In the light of Christ, however, we find that we can and must sing the
Lord's song. We discover that, while every land is a foreign land, it is the land where
we have been called to be the witness and reflection of the Light which transfigures all
things. By the grace of God, shed so abundantly in our life through our Lord Jesus Christ,
we find that the seeming hopelessness of the fallen and broken world can be overcome;
beginning in our own hearts, and that even a foreign land can become "home" with Christ
dwelling in our hearts. We can experience the foretaste of the Kingdom that is our home:
in the Eucharistic banquet of our Lord's Body and Blood; in the divine services of the
Church; in the hearing and reading of the Holy Scriptures in the lives of the Saints, who
are always present with us in the Church; in our personal prayers; and in our fasting.
Having experienced the presence of the Kingdom, we can share it with others through our
acts of mercy, and so draw them into the net of God's love and goodness.
This is the "bright sadness" of Great Lent. Though we mourn the
sinfulness of the world-the sinfulness of our own lives first of all -- we do not grieve as
"others who have no hope" (I Thess. 4:13). Our eyes are fixed on the goal of Holy Pascha,
the origin and fulfillment of our Lenten observance. All that we say and do during the
days of Lent has but one purpose: to remove the obstacles of our willfulness that blur our
spiritual sight, so that we may focus once again on "the hope which has been laid up for
[us] in Heaven" (Col, 1:5).
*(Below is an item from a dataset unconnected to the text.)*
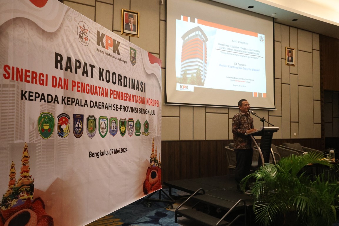 Direktur Koordinasi dan Supervisi (Korsup) Wilayah 1 KPK Edi Suryanto pada sambutannya menjelaskan tentang nilai MCP di Pemerintah Daerah Provinsi Bengkulu maupun Kabupaten/Kota. Selain itu juga menjelaskan bagaimana upaya Pemerintah Daerah dalam mencegah korupsi di Ruang Lingkup Pemerintahan di daerahnya masing-masing.

It is this hope-in the destruction of death through Christ's
Crucifixion and Resurrection-that brightens our sadness. It is this hope, sure and certain
in the Lord, that enables us to sing the Lord's song even though we sojourn in Babylon.
Dearly beloved, let us begin this blessed season of repentance with joy,
pressing on toward the glory of Holy Pascha. Let us always have the Lord's song on our
lips, the song which calls us from our exile into the joy of eternal life.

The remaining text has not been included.